**WHAT NEEDS TO BE DONE**
Reproduce the material below only from the line with "0577-01 ESTEREL - MEDITERRANÉE" to the line with "Governor of the", both included, keeping each line exact and dropping the pictures.

**INFORMATION**
========================================================================

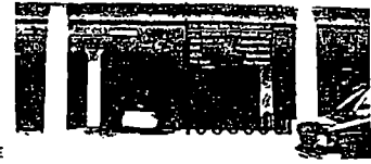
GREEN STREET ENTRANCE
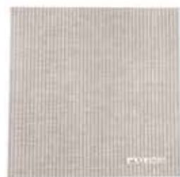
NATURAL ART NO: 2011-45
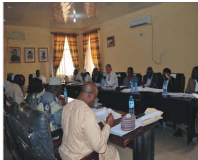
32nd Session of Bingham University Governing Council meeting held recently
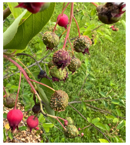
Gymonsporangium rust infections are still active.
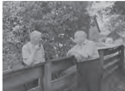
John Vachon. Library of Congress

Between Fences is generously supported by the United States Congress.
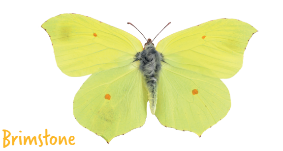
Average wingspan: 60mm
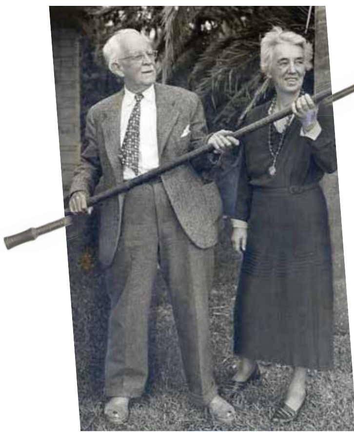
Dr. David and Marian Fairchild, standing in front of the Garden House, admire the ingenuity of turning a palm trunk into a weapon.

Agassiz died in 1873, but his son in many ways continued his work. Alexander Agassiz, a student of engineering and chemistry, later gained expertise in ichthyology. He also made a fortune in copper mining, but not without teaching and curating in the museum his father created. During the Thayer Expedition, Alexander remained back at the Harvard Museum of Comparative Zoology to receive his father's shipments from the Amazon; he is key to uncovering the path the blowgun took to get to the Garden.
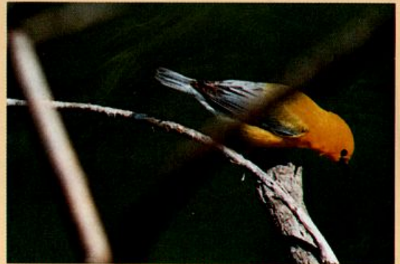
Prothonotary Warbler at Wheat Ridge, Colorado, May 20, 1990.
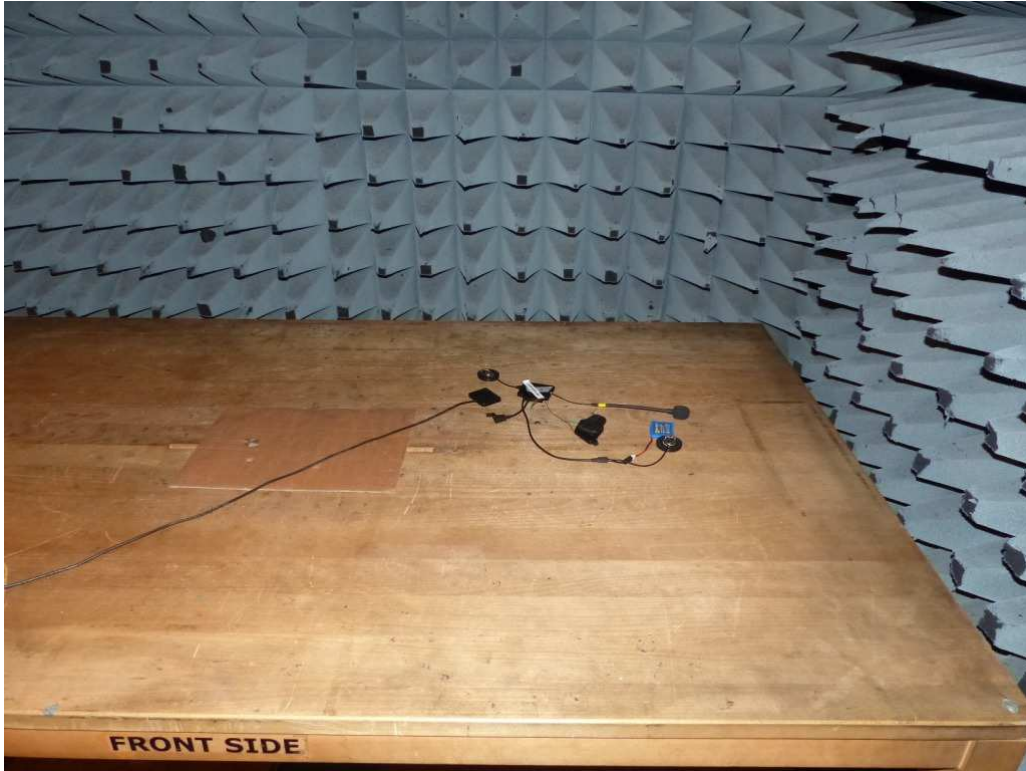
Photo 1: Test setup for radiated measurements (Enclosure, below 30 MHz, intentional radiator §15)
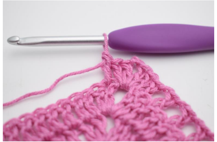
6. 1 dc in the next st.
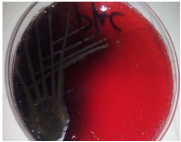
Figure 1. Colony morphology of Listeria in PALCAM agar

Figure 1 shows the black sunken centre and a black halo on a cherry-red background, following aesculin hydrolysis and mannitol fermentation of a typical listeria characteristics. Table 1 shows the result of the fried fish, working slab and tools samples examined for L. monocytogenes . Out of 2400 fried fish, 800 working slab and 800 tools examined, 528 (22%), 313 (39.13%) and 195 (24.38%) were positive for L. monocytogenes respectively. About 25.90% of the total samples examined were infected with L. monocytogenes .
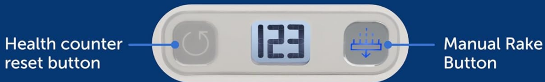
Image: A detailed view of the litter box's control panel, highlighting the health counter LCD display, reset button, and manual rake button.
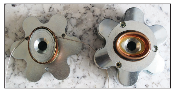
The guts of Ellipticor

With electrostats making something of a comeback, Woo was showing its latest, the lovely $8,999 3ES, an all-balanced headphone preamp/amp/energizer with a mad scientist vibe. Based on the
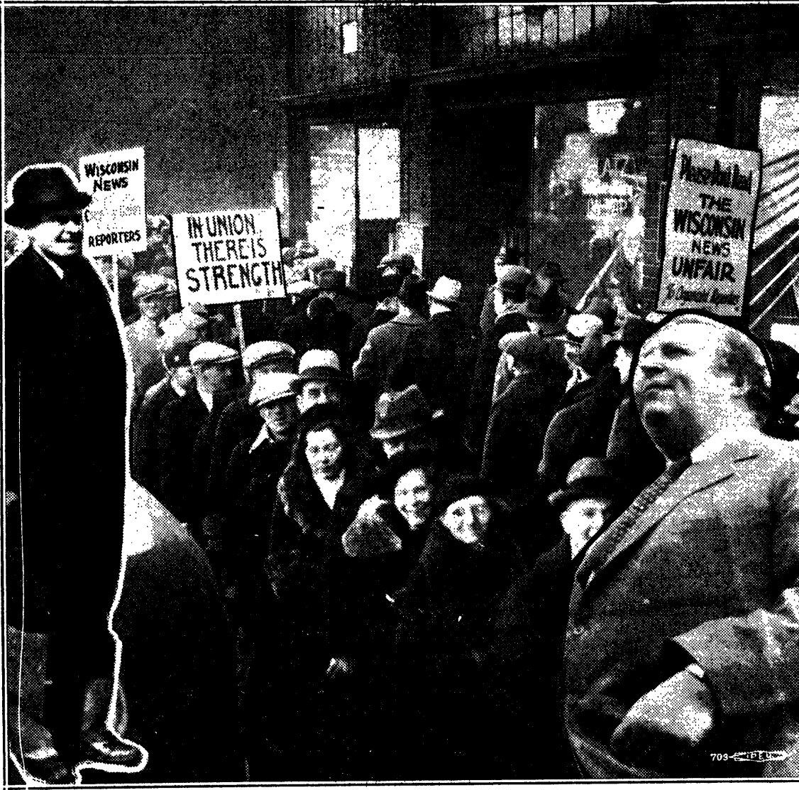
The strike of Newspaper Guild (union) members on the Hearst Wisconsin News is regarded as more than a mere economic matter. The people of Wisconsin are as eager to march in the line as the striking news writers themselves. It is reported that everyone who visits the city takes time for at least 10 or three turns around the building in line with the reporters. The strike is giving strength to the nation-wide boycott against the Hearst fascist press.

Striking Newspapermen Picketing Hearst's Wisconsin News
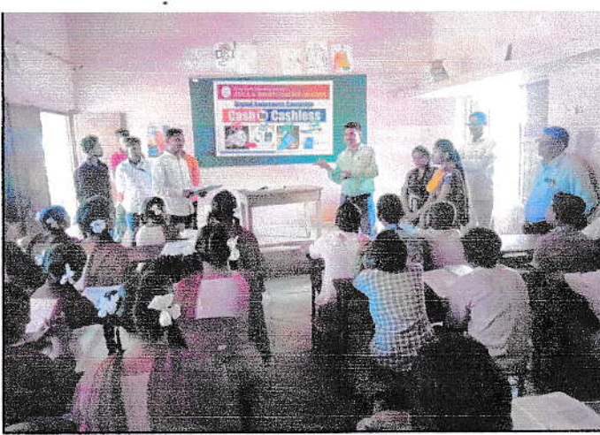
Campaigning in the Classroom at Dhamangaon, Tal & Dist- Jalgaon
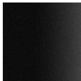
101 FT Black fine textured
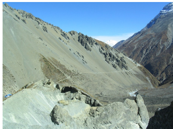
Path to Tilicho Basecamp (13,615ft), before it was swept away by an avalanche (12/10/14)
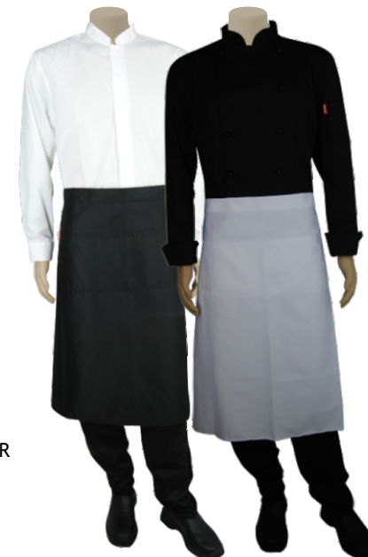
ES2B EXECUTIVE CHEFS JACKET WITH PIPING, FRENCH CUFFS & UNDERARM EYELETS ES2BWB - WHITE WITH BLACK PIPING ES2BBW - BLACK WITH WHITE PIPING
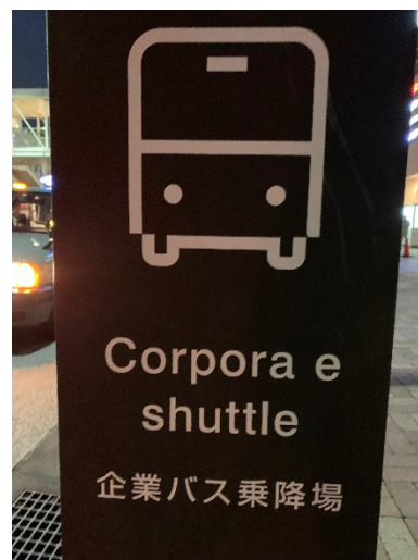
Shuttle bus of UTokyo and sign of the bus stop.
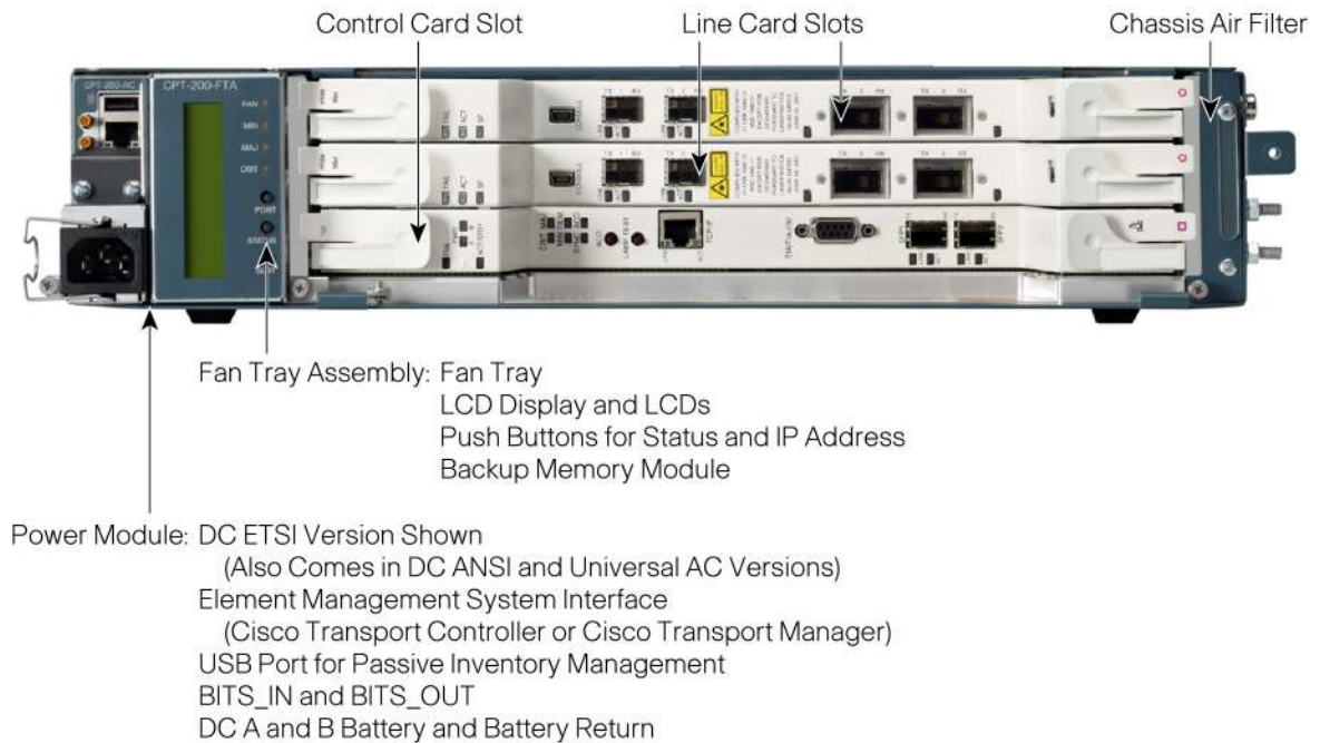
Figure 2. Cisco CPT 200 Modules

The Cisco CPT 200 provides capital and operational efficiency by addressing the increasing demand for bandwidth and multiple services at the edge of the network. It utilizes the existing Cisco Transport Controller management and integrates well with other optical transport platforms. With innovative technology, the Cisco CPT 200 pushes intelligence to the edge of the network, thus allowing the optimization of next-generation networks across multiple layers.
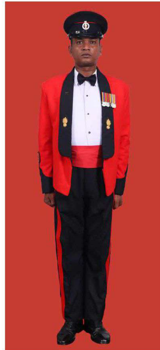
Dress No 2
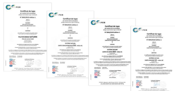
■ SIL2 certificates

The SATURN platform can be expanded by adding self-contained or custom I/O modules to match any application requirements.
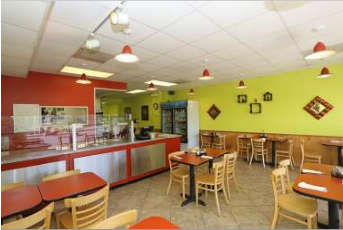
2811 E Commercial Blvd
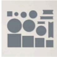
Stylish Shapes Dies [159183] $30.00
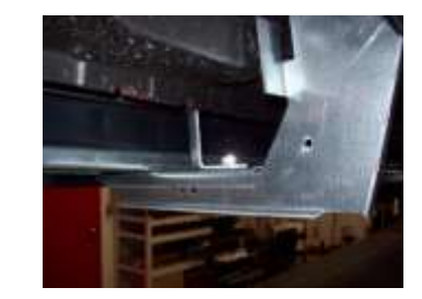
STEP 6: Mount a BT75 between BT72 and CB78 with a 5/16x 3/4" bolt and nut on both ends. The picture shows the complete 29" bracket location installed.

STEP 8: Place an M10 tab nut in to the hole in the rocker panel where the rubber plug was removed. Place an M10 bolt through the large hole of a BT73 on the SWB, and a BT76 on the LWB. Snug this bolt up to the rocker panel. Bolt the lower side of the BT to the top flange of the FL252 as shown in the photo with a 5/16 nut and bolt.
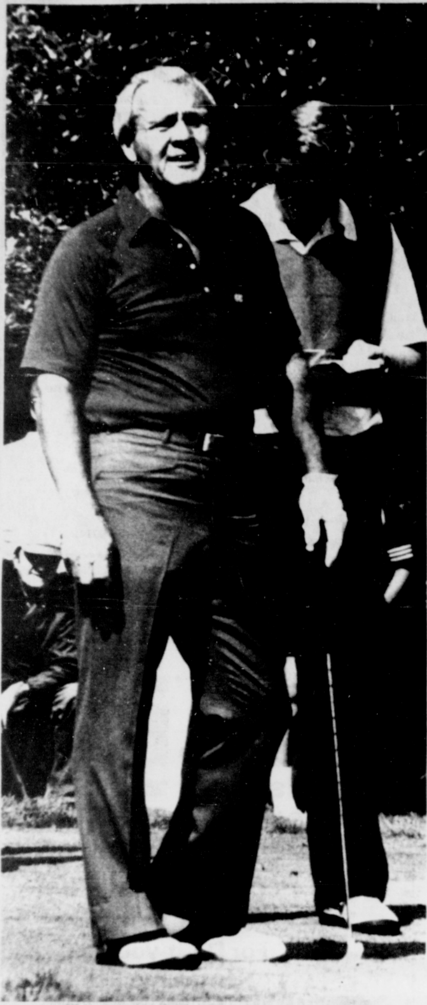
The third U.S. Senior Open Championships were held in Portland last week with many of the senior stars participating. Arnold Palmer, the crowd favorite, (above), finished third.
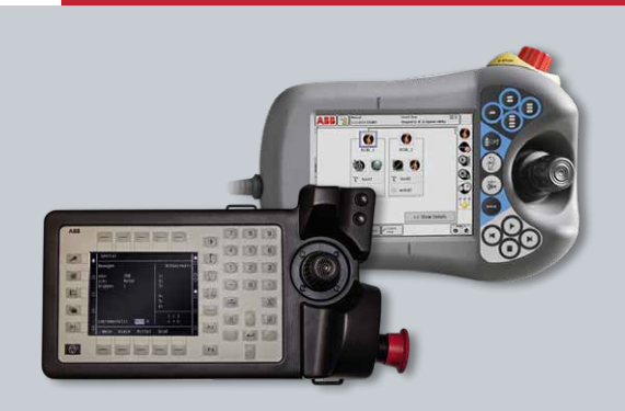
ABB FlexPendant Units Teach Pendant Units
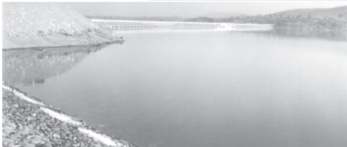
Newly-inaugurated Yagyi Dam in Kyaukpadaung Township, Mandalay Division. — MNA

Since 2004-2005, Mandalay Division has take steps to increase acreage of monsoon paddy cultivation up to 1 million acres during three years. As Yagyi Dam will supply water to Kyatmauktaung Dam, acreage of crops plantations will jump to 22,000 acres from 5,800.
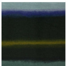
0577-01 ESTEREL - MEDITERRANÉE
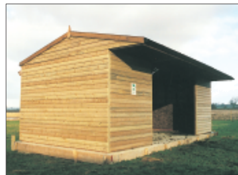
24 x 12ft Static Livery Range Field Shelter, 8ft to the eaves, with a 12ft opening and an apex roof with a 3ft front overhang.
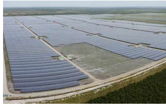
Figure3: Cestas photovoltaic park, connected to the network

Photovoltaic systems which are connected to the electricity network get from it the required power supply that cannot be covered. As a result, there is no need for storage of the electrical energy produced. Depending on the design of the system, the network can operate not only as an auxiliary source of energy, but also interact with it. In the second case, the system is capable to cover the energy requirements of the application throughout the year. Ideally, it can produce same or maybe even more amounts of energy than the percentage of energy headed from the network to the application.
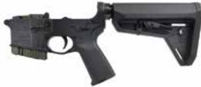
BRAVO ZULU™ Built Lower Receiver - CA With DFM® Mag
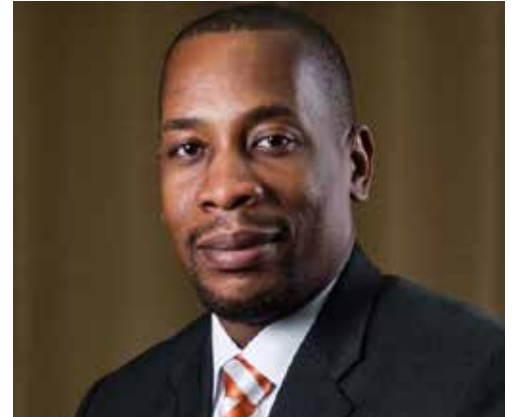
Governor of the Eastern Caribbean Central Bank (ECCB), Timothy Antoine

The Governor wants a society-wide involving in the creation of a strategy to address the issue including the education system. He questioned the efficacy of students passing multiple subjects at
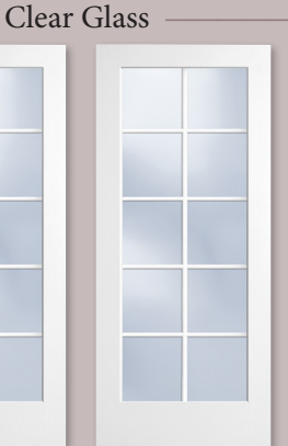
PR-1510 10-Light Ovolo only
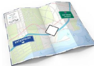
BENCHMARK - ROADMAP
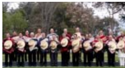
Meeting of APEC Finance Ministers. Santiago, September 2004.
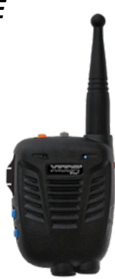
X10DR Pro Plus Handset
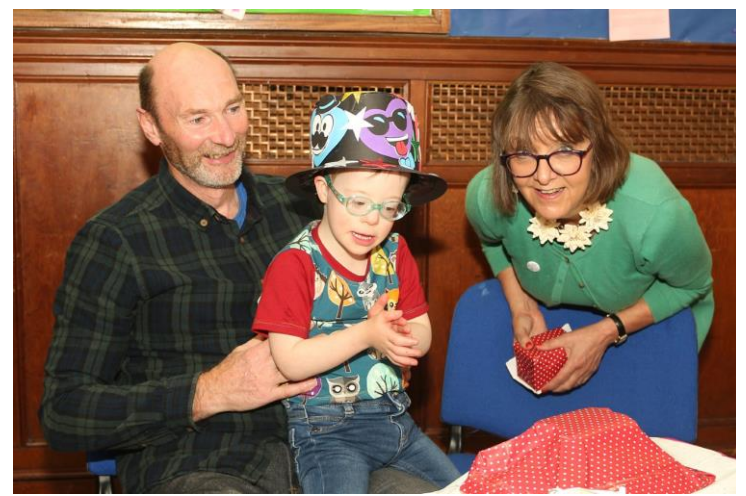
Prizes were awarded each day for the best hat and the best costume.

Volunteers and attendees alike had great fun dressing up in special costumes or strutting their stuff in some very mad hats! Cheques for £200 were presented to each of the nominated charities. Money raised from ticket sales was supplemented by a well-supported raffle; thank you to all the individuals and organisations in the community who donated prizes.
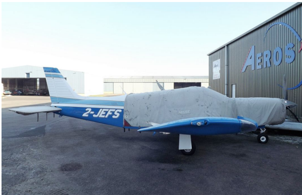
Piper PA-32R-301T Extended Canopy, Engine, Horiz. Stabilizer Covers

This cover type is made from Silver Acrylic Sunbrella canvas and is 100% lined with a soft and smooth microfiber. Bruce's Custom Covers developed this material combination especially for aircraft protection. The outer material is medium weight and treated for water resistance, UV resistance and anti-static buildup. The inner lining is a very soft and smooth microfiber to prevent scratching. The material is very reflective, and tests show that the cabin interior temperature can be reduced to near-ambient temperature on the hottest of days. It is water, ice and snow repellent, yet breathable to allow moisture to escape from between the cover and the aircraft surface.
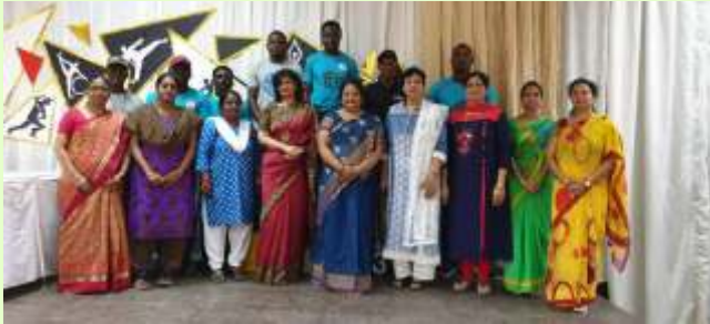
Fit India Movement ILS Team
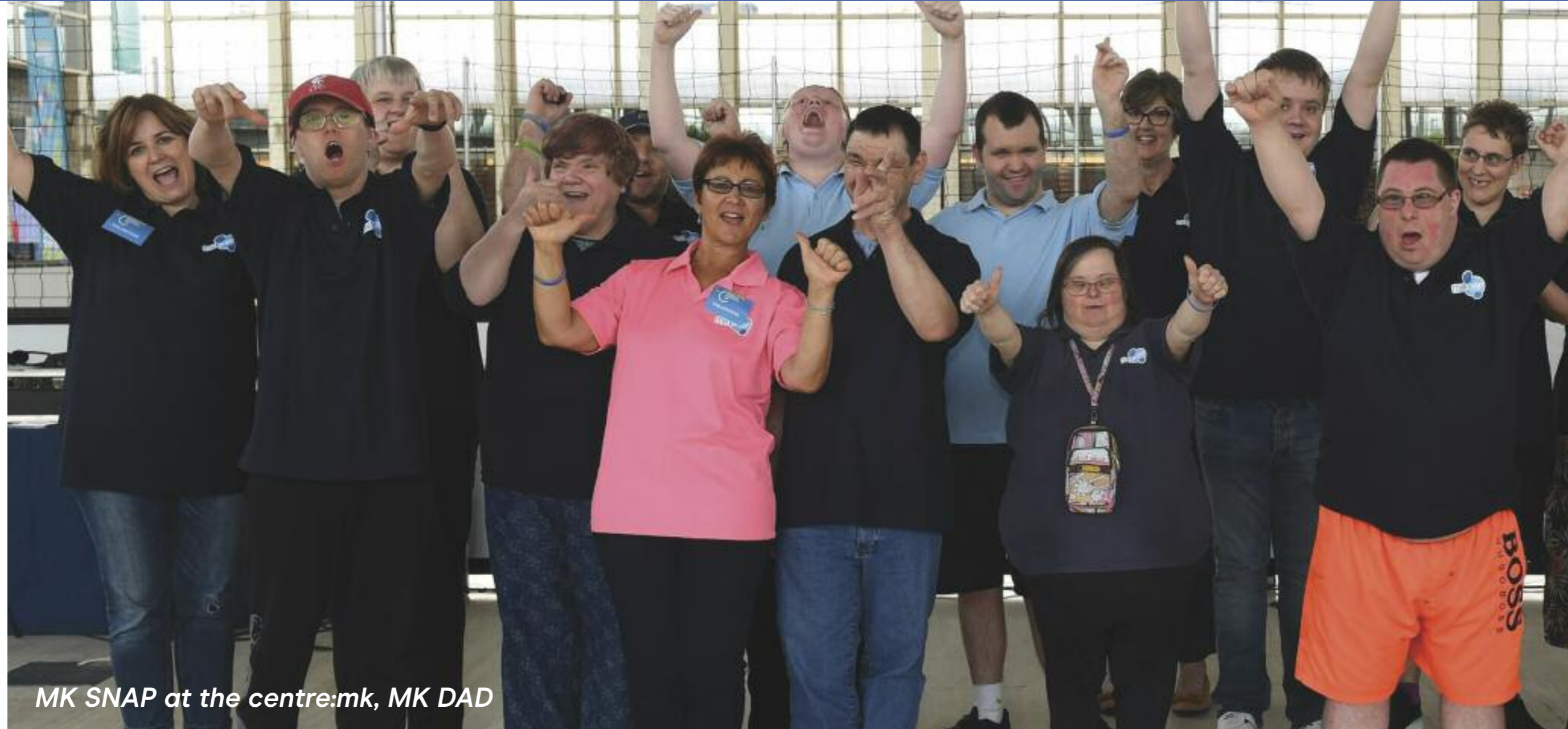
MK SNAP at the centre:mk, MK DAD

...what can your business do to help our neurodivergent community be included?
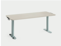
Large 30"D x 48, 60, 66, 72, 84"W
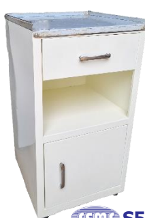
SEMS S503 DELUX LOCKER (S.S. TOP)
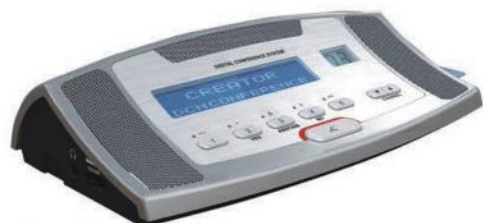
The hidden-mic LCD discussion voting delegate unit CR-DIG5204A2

========================================================================

**SOLUTION**
0577-01 ESTEREL - MEDITERRANÉE
24 x 12ft Static Livery Range Field Shelter, 8ft to the eaves, with a 12ft opening and an apex roof with a 3ft front overhang.
Figure3: Cestas photovoltaic park, connected to the network

Photovoltaic systems which are connected to the electricity network get from it the required power supply that cannot be covered. As a result, there is no need for storage of the electrical energy produced. Depending on the design of the system, the network can operate not only as an auxiliary source of energy, but also interact with it. In the second case, the system is capable to cover the energy requirements of the application throughout the year. Ideally, it can produce same or maybe even more amounts of energy than the percentage of energy headed from the network to the application.
BRAVO ZULU™ Built Lower Receiver - CA With DFM® Mag
Governor of the Eastern Caribbean Central Bank (ECCB), Timothy Antoine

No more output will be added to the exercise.